What you need to do — From the line containing "Herman-Poncé, In This" down to the line containing "A Tonalea participant, Diego, from", copy out the entries below exactly, both lines included, and nothing else; pictures do not belong in the copy.

Task input —
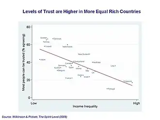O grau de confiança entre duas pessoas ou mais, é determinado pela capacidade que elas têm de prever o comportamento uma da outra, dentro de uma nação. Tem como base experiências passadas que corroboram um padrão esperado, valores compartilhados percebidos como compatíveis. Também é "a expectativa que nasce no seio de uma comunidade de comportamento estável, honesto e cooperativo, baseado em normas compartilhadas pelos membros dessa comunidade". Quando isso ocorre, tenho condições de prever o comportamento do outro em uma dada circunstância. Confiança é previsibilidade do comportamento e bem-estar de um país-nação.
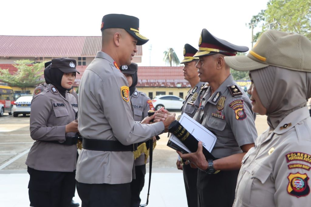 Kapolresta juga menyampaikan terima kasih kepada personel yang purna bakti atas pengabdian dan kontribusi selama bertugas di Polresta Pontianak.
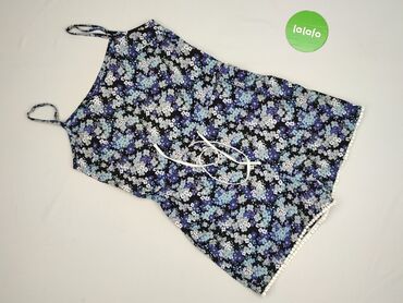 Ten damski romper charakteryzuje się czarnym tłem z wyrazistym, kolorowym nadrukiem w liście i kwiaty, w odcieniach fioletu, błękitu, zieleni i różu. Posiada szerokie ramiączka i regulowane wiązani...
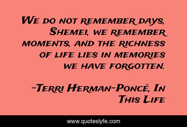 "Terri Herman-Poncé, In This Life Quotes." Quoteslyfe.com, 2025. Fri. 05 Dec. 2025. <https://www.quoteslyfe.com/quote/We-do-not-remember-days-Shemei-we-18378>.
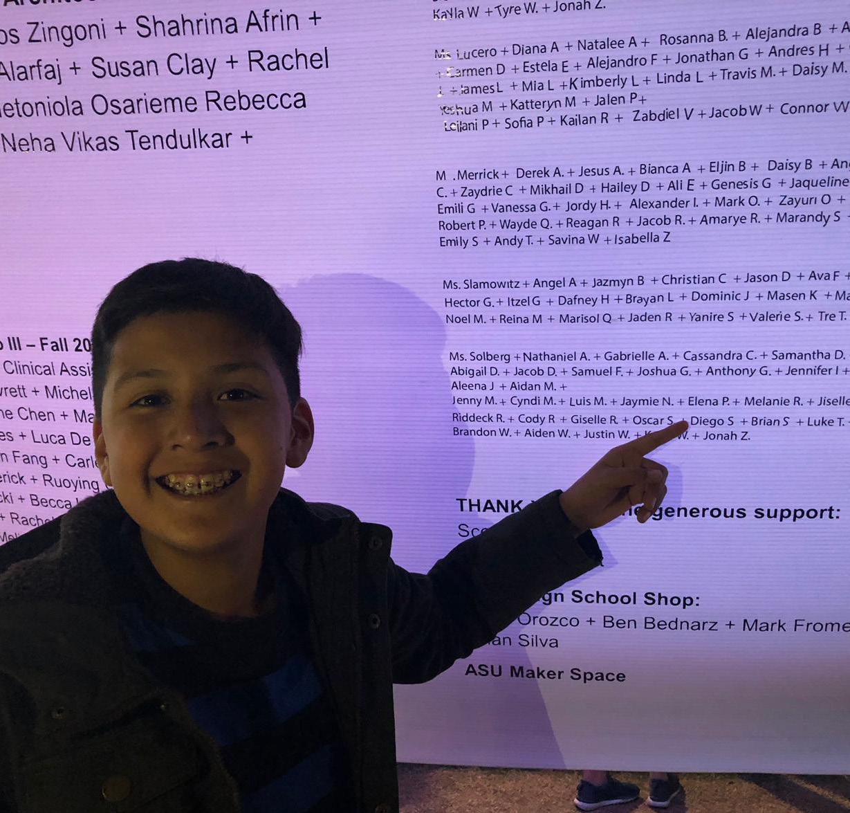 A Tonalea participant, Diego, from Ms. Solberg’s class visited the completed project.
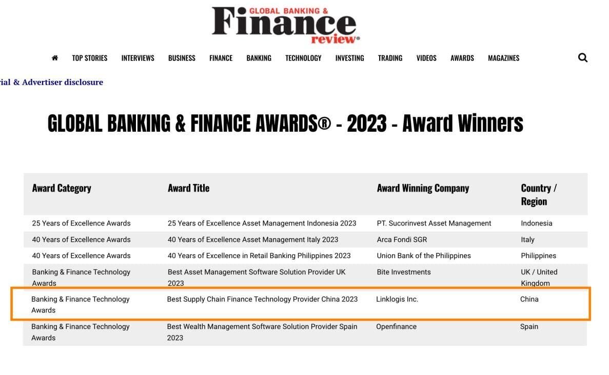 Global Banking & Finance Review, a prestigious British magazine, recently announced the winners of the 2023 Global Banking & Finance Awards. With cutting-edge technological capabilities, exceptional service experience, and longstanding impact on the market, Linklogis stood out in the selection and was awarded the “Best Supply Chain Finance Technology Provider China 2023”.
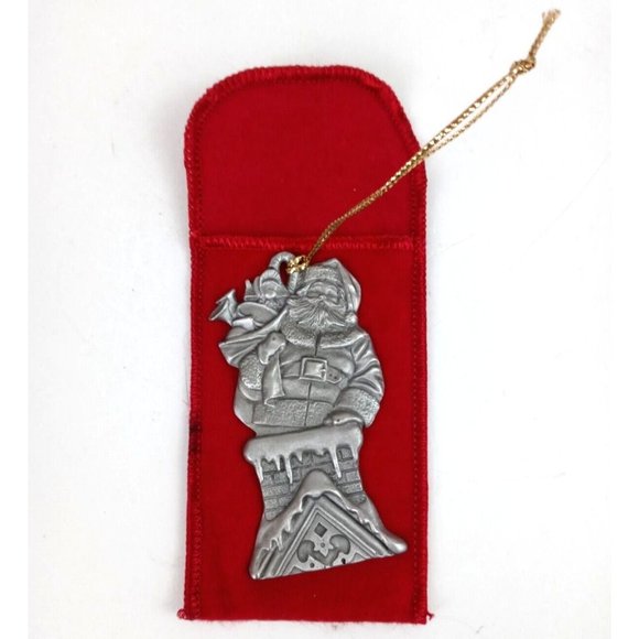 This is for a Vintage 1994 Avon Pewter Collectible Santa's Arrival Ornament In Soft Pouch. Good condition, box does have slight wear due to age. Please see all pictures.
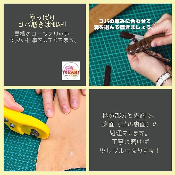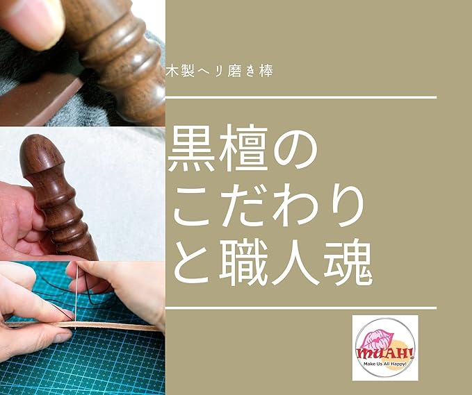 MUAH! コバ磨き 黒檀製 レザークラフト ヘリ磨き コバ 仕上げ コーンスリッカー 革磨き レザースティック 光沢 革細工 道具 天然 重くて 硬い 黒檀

==

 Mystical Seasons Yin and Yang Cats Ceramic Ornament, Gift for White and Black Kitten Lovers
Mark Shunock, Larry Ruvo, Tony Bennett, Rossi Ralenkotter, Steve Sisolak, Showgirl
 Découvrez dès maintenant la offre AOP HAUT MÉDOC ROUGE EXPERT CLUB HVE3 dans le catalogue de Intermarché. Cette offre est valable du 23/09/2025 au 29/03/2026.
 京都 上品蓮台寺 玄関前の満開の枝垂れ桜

Result below —
 "Terri Herman-Poncé, In This Life Quotes." Quoteslyfe.com, 2025. Fri. 05 Dec. 2025. <https://www.quoteslyfe.com/quote/We-do-not-remember-days-Shemei-we-18378>.
 A Tonalea participant, Diego, from Ms. Solberg’s class visited the completed project.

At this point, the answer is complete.